# Leprechaun with relay boards



## p_wats (Aug 24, 2019)

Finally boxed up my Leprechaun. Used a relay board for each of the switches (thanks to PedalPCB for the help with the Magic wiring with the relay board).

I also experimented for weeks with different blend circuits with the intention of adding a mix knob and expression jack for that as well, but none of the circuits I tried to add seemed ideal (loss of volume or added noise, etc.). 

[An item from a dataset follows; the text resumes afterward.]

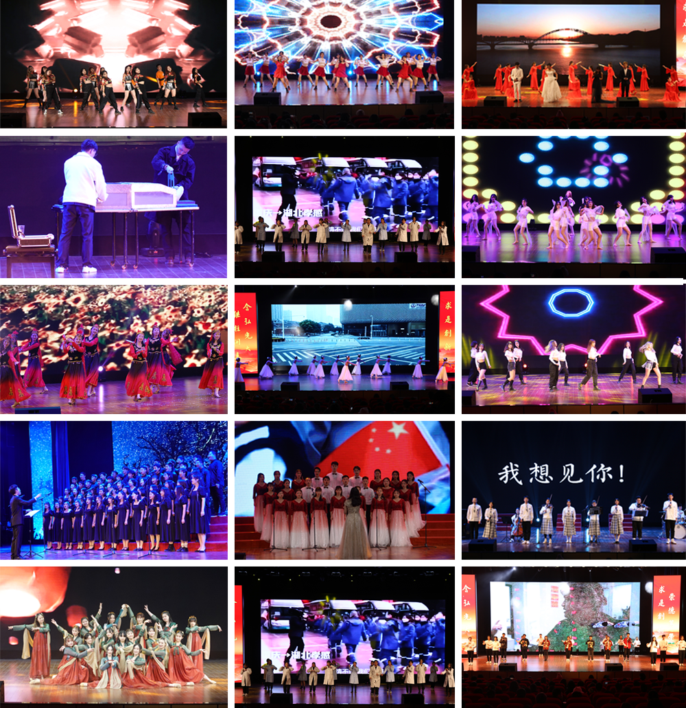 文艺晚会分为“千里冰封全民同抗疫,大地涌春举国获胜利”、“深化改革喜迎新机遇,青春勇担当更上一层楼”和“难忘今宵师生俱欢颜,校企携手共育时代新人”三个篇章,共有16个节目参加表演。节目精彩纷呈、形式多样,既有美丽动人的街舞、民族舞、古典舞,又有悦耳动听的铜管乐团合奏和合唱,还有趣味横生又创意新颖的配音秀以及扣人心弦的魔术。其中,动漫屋
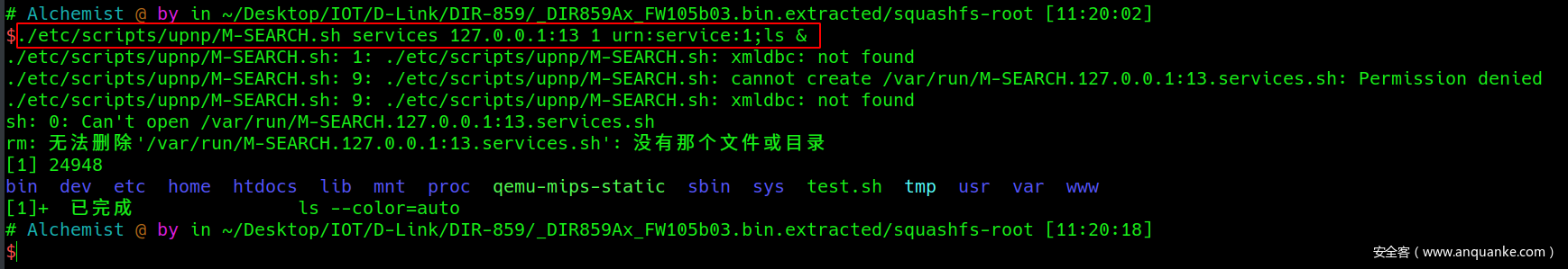 (6).根据lxmldbc_system()的第二个参数可以确定会去执行/etc/scripts/upnp/M-SEARCH.sh,这里我们进行验证拼接命令的字符串是否成功执行

I went the hand drawn route for the artwork, but my paint pens were acting up, so I could be happier, but still happy enough.


----------



## p_wats (Aug 27, 2019)

Mammoth actually reposted this on their Instagram (I tagged them, as that's where I got the enclosure), which was a nice bump. Love the 1590BBT size and wish Tayda carried it (much more vertical space, which allowed for the 2 relay boards easily).


----------



## Jovi Bon Kenobi (Oct 13, 2019)

This is so awesome by the way. I love the art. Really nice work on the relays. If any pedal needed em, this would be the best choice. That's a tight squeeze.


----------



## p_wats (Oct 13, 2019)

Thanks! I had plans to cram even more in there, but decided to keep it reasonable. Ha


----------



## Barry (Oct 14, 2019)

Nice! Dig the art work


----------



## p_wats (Oct 14, 2019)

Barry said:


> Nice! Dig the art work




Thanks! Was fun to draw this one


----------